What is expected
With the pictures removed, retype the lines from the one holding "The Chalet crinkle" through the end of the records, exactly as written.

[Records from a dataset]
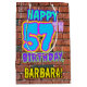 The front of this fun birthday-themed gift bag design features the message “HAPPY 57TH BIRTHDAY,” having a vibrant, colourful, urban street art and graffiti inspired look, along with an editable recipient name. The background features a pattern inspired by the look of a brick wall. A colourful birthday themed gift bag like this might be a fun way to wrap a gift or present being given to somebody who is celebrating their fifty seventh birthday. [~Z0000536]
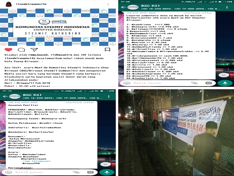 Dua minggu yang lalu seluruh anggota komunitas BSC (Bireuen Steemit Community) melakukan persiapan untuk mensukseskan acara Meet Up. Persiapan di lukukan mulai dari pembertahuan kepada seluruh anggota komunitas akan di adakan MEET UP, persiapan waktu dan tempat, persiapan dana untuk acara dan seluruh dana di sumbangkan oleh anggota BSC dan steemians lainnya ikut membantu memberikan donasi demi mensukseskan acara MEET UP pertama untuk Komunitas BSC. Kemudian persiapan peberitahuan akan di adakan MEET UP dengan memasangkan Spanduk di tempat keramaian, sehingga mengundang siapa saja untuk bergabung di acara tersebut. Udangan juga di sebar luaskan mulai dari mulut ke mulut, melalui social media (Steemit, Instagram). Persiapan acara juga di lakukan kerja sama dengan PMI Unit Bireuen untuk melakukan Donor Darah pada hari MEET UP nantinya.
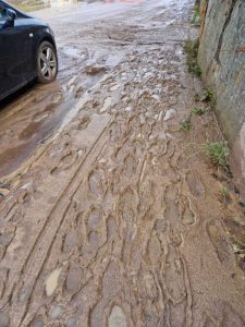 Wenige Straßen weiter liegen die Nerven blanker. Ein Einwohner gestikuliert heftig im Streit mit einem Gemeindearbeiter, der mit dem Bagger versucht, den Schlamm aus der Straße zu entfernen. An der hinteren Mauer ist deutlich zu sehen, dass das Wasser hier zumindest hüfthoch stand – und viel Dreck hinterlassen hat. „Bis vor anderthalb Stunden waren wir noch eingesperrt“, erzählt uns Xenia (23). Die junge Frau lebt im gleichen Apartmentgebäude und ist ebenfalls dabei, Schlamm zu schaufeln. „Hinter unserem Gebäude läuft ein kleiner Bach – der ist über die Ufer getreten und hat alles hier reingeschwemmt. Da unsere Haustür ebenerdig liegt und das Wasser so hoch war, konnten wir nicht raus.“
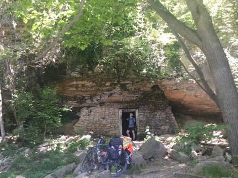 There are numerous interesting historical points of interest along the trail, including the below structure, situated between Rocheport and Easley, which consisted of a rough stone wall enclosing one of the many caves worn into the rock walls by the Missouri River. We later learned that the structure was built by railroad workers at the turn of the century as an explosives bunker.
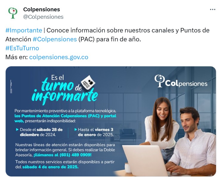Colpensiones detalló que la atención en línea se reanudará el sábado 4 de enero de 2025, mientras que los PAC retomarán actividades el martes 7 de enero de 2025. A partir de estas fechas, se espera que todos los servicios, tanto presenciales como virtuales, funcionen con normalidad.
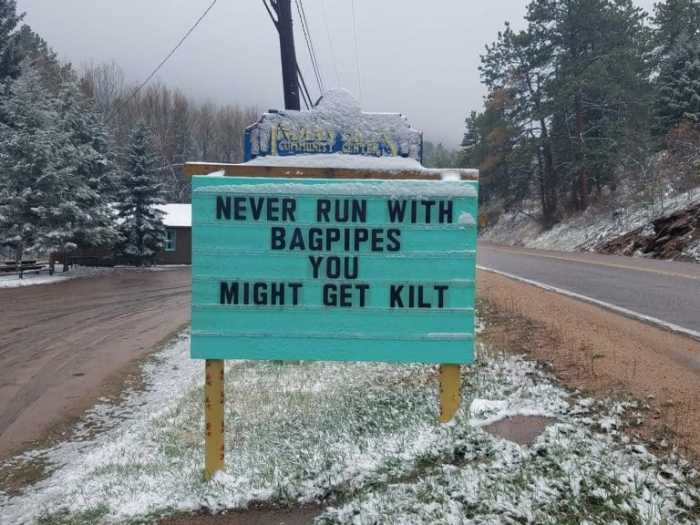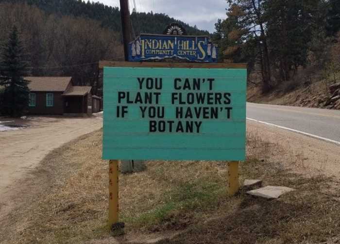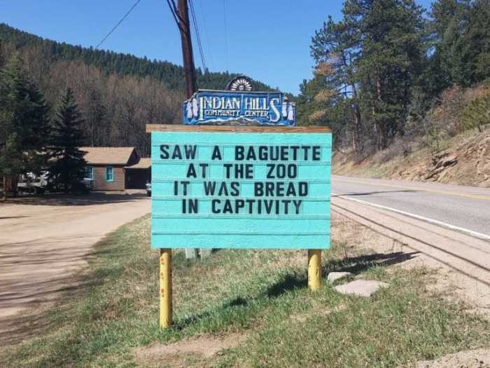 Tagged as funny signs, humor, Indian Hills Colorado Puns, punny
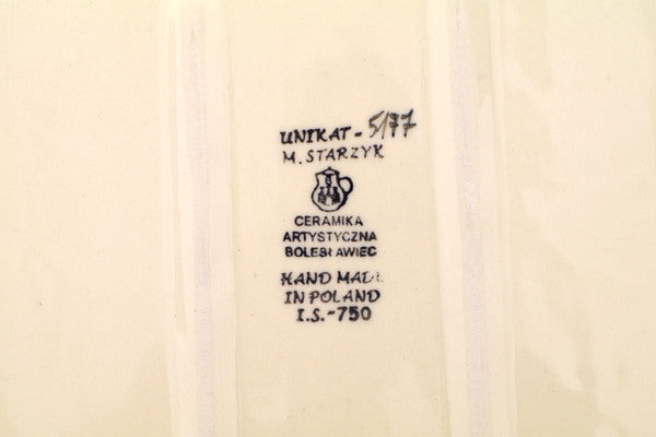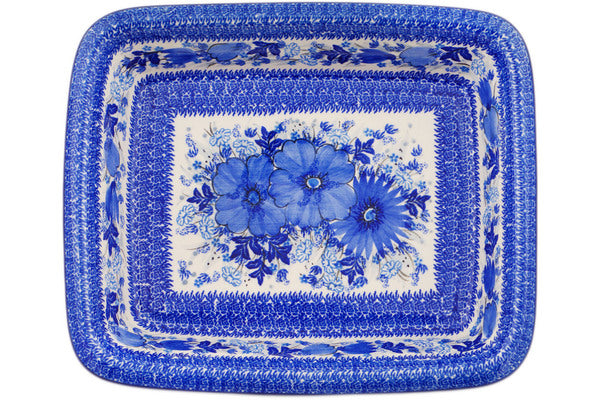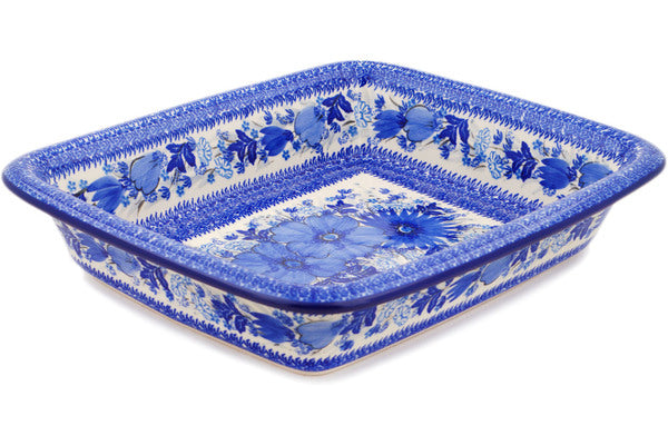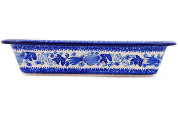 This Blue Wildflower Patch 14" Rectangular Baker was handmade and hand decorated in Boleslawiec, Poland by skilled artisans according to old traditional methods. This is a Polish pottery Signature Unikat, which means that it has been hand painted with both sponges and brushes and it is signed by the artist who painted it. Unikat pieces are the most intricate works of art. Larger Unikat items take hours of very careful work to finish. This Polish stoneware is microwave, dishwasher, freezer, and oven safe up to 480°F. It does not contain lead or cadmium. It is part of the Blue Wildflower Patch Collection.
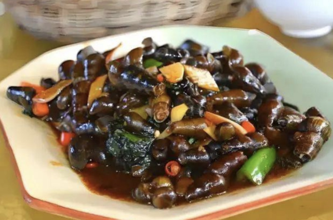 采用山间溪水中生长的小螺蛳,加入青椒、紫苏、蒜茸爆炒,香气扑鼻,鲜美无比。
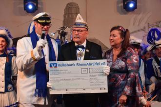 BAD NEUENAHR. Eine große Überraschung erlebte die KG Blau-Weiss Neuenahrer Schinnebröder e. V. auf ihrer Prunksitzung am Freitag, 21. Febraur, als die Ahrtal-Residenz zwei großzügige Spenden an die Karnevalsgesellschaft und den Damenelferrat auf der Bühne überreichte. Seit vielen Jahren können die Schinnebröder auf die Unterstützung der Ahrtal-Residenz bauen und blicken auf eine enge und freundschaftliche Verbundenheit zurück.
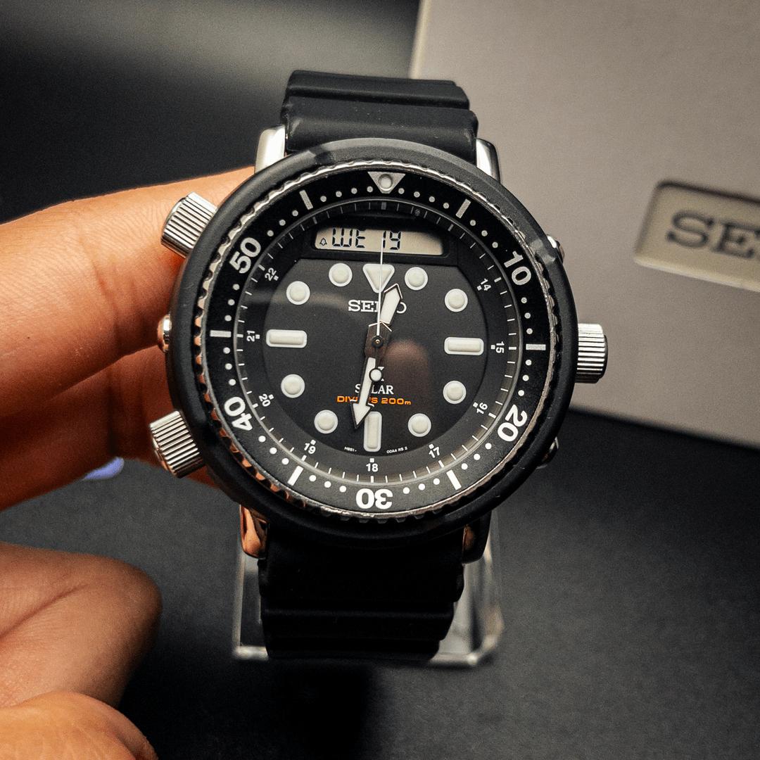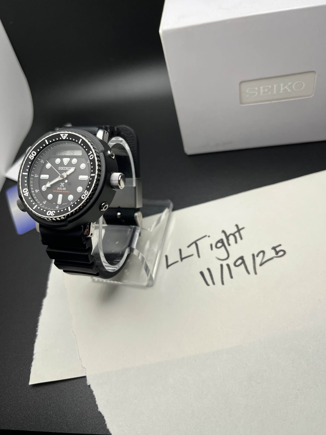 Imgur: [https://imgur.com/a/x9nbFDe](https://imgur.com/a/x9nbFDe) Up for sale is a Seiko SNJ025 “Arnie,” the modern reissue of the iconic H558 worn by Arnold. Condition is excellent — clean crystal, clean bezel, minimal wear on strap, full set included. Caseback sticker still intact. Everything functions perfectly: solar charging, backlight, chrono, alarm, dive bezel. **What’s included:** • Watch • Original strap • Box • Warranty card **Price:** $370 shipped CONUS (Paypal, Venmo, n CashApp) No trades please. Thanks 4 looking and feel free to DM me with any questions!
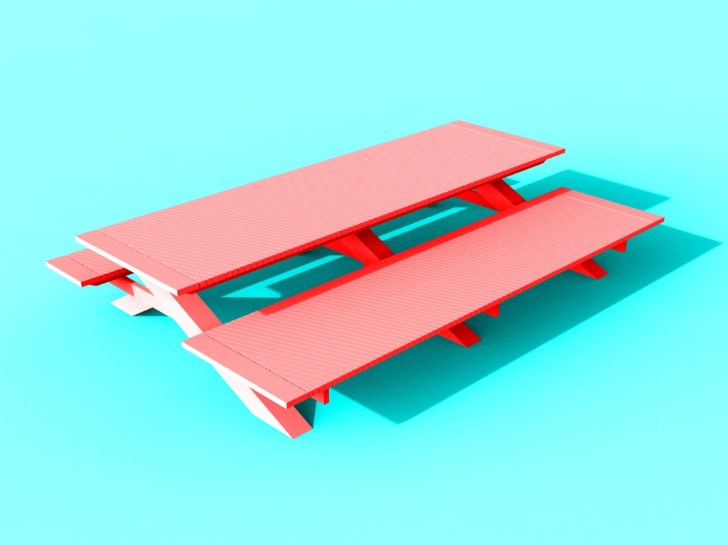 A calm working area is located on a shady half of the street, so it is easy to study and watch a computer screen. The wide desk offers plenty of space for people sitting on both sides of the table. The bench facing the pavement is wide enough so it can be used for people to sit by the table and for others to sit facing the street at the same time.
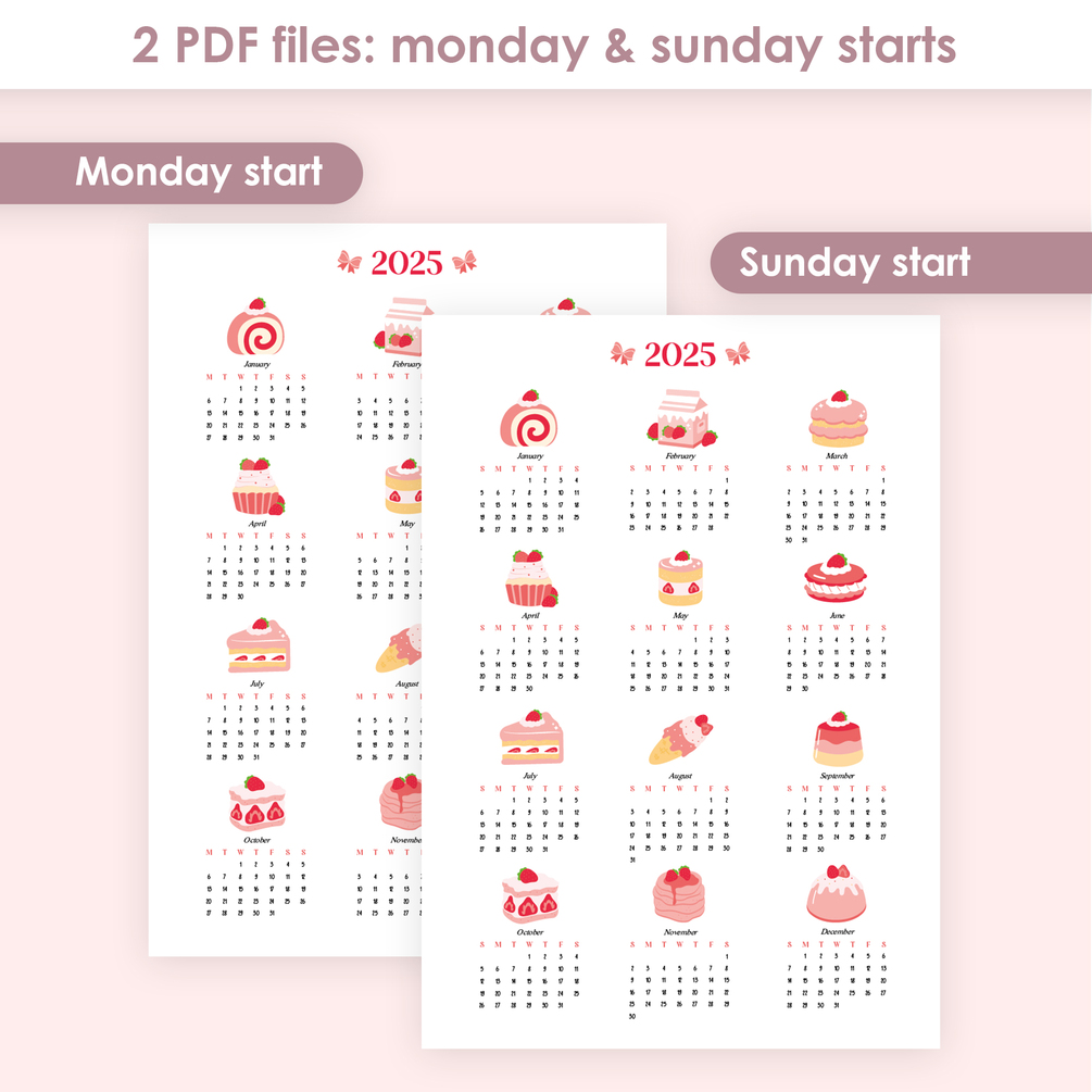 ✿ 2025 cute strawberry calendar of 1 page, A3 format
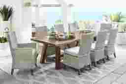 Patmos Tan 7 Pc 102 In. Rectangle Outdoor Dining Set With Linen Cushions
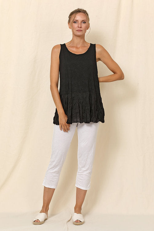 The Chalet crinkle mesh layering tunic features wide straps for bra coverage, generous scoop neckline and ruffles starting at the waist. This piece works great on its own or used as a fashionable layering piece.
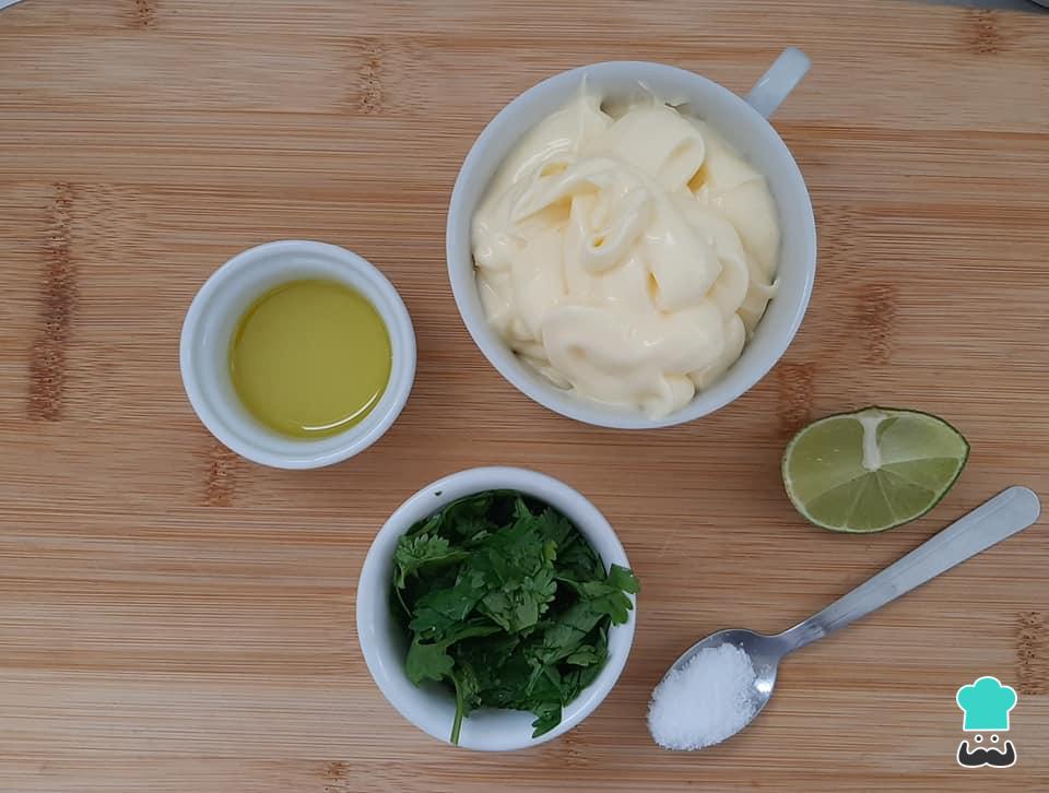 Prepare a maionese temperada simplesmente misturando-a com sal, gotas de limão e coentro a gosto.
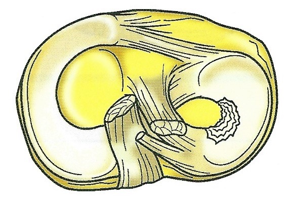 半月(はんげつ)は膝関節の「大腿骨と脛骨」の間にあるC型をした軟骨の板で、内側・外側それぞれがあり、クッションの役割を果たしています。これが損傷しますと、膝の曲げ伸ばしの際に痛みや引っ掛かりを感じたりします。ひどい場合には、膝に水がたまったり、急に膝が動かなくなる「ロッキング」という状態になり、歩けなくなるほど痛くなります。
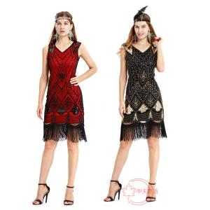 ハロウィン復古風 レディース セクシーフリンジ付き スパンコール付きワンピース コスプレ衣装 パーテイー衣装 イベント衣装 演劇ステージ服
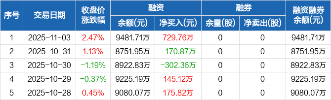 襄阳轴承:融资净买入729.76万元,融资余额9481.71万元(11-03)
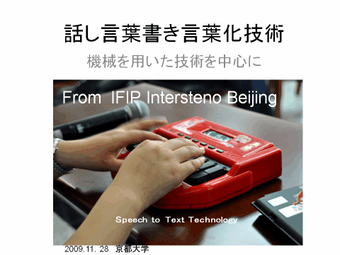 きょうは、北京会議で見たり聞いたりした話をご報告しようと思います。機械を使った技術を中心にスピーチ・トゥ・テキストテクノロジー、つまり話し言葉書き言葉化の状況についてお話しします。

Result of the exercise
 The Chalet crinkle mesh layering tunic features wide straps for bra coverage, generous scoop neckline and ruffles starting at the waist. This piece works great on its own or used as a fashionable layering piece.
 Prepare a maionese temperada simplesmente misturando-a com sal, gotas de limão e coentro a gosto.
 半月(はんげつ)は膝関節の「大腿骨と脛骨」の間にあるC型をした軟骨の板で、内側・外側それぞれがあり、クッションの役割を果たしています。これが損傷しますと、膝の曲げ伸ばしの際に痛みや引っ掛かりを感じたりします。ひどい場合には、膝に水がたまったり、急に膝が動かなくなる「ロッキング」という状態になり、歩けなくなるほど痛くなります。
 ハロウィン復古風 レディース セクシーフリンジ付き スパンコール付きワンピース コスプレ衣装 パーテイー衣装 イベント衣装 演劇ステージ服
 襄阳轴承:融资净买入729.76万元,融资余额9481.71万元(11-03)
 きょうは、北京会議で見たり聞いたりした話をご報告しようと思います。機械を使った技術を中心にスピーチ・トゥ・テキストテクノロジー、つまり話し言葉書き言葉化の状況についてお話しします。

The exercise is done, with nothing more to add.